Directions for this task. Every line from the one containing "[Wisconsin] Genesee Depot, large" through the end of the listing below must be given again exactly, and nothing else; exclude pictures.

Dataset content.
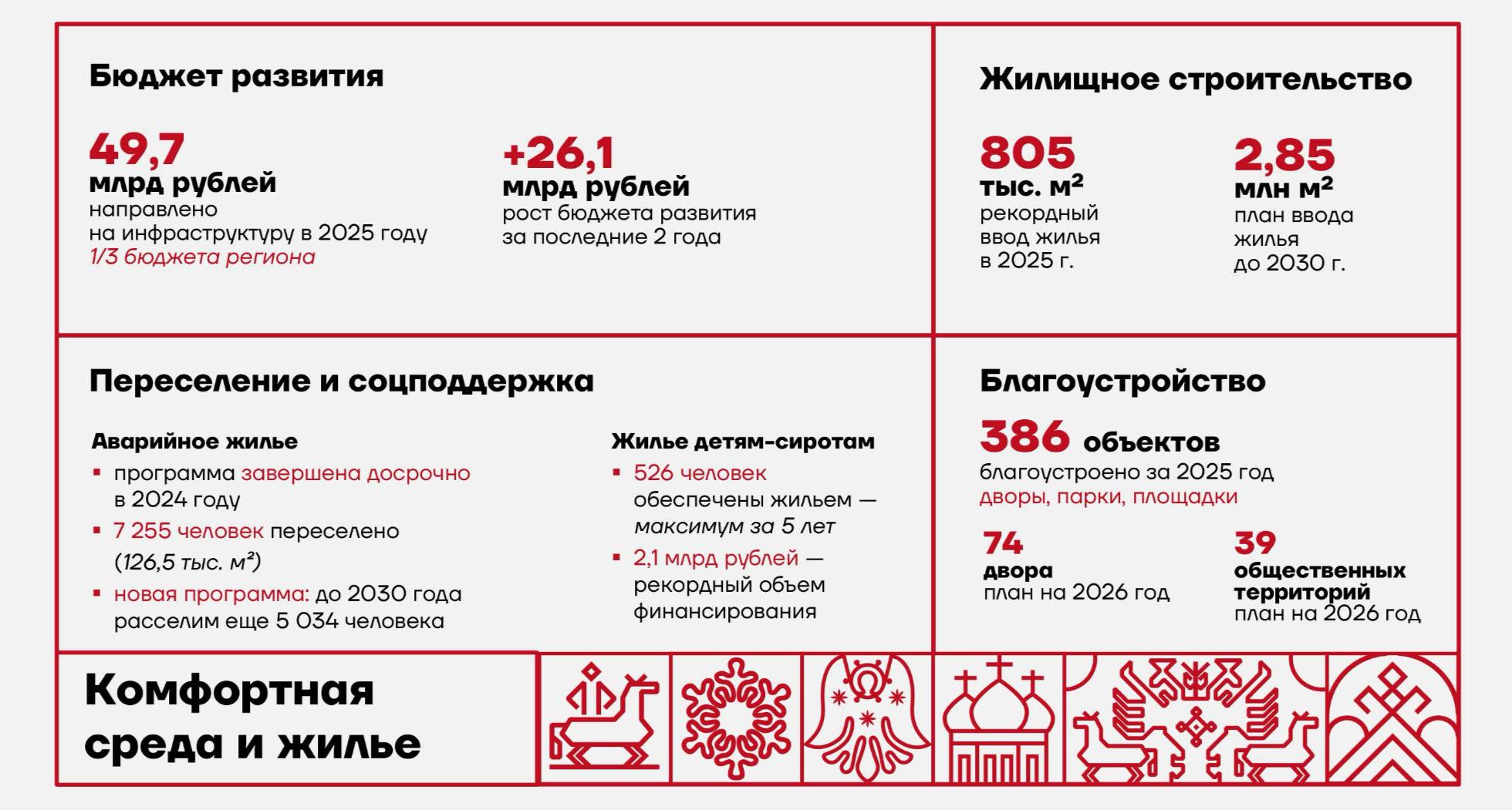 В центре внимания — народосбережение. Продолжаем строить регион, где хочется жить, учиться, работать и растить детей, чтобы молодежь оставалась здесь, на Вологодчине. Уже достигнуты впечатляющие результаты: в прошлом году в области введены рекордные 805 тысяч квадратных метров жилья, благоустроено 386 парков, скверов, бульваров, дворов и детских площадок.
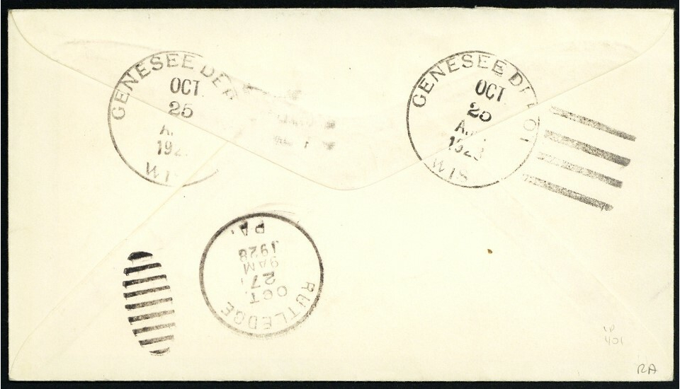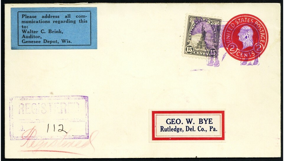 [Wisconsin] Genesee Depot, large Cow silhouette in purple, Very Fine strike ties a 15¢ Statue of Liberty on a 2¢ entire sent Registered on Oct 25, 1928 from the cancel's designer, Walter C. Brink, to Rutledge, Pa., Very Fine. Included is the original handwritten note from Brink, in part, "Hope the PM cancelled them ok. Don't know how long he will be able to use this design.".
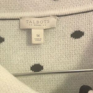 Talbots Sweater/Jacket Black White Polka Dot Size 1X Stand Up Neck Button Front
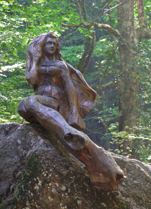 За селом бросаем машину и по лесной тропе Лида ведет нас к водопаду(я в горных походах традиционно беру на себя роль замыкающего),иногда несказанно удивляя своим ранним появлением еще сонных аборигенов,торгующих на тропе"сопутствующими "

Reply to the task.
 [Wisconsin] Genesee Depot, large Cow silhouette in purple, Very Fine strike ties a 15¢ Statue of Liberty on a 2¢ entire sent Registered on Oct 25, 1928 from the cancel's designer, Walter C. Brink, to Rutledge, Pa., Very Fine. Included is the original handwritten note from Brink, in part, "Hope the PM cancelled them ok. Don't know how long he will be able to use this design.".
 Talbots Sweater/Jacket Black White Polka Dot Size 1X Stand Up Neck Button Front
 За селом бросаем машину и по лесной тропе Лида ведет нас к водопаду(я в горных походах традиционно беру на себя роль замыкающего),иногда несказанно удивляя своим ранним появлением еще сонных аборигенов,торгующих на тропе"сопутствующими "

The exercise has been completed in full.